Supplied data:

----

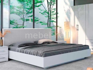 Кровать двуспальная 180х200 см с мягким изголовьем и подъемным механизмом для спальни Фемили MiroMark ДСП Белый Глянец / Белый
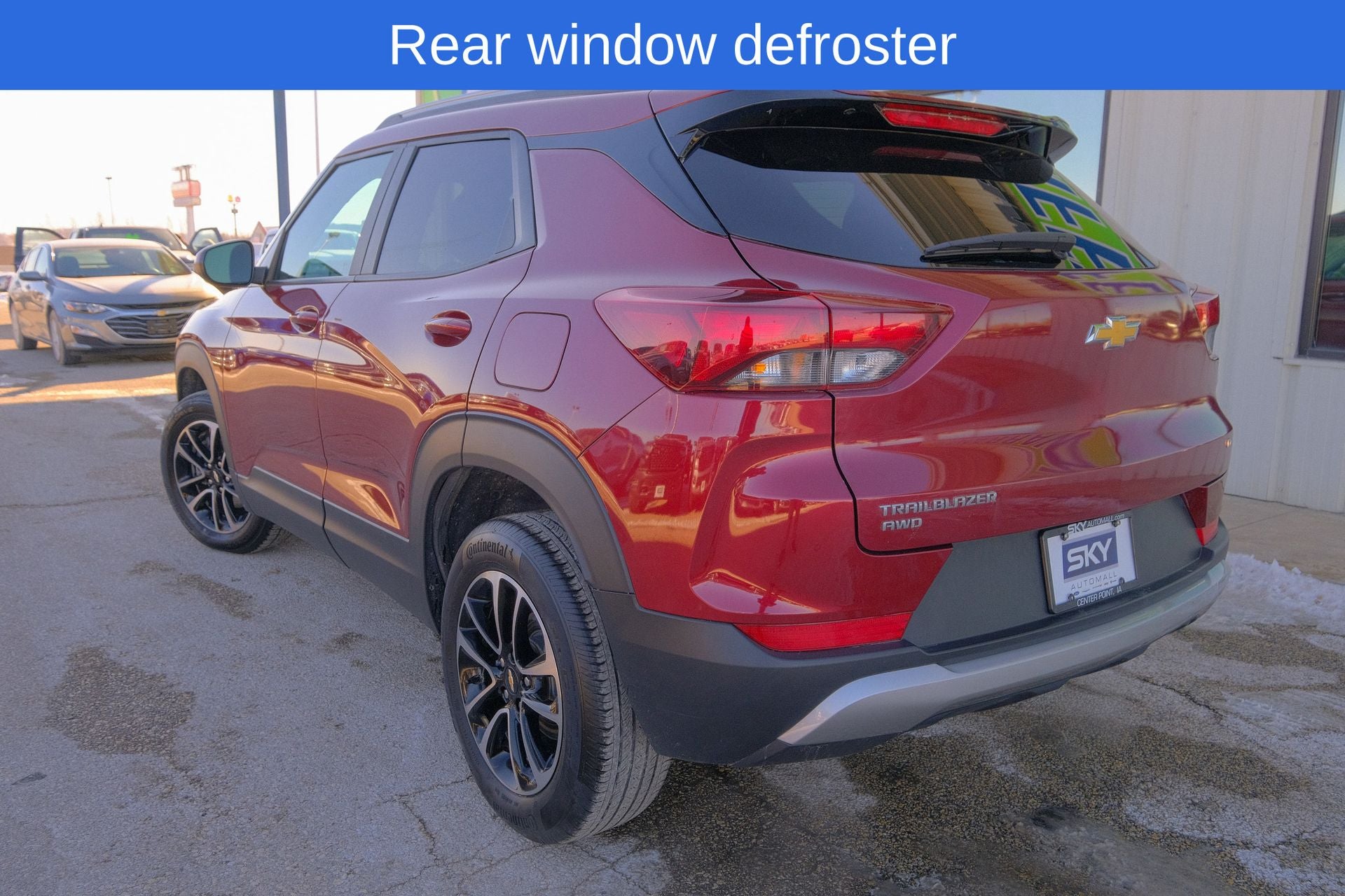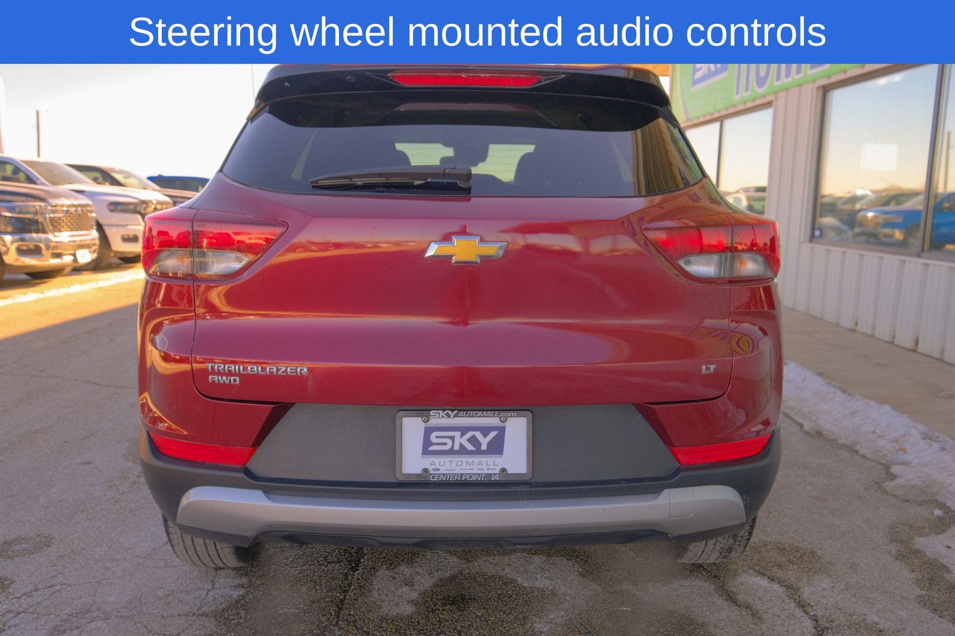 Alloy wheels, Brake assist, Exterior Parking Camera Rear, Heated door mirrors, Preferred Equipment Group 1LT, Rear window defroster, Remote keyless entry, Split folding rear seat, Spoiler, Steering wheel mounted audio controls. Crimson Metallic 2025 Chevrolet TrailBlazer LT AWD 9-Speed Automatic 1.3L I3 Turbocharged DOHC 12V LEV3-SULEV30 155hp
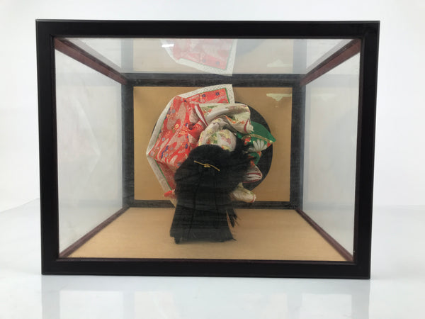 Japanese Glass Case Big Doll Ningyo Princess Vtg Girl's Day Ohinasama Silk ID656

----

What you are asked to do: Copy out all of the material exactly as written, without its pictures.

Solution to the problem:
 Кровать двуспальная 180х200 см с мягким изголовьем и подъемным механизмом для спальни Фемили MiroMark ДСП Белый Глянец / Белый
 Alloy wheels, Brake assist, Exterior Parking Camera Rear, Heated door mirrors, Preferred Equipment Group 1LT, Rear window defroster, Remote keyless entry, Split folding rear seat, Spoiler, Steering wheel mounted audio controls. Crimson Metallic 2025 Chevrolet TrailBlazer LT AWD 9-Speed Automatic 1.3L I3 Turbocharged DOHC 12V LEV3-SULEV30 155hp
 Japanese Glass Case Big Doll Ningyo Princess Vtg Girl's Day Ohinasama Silk ID656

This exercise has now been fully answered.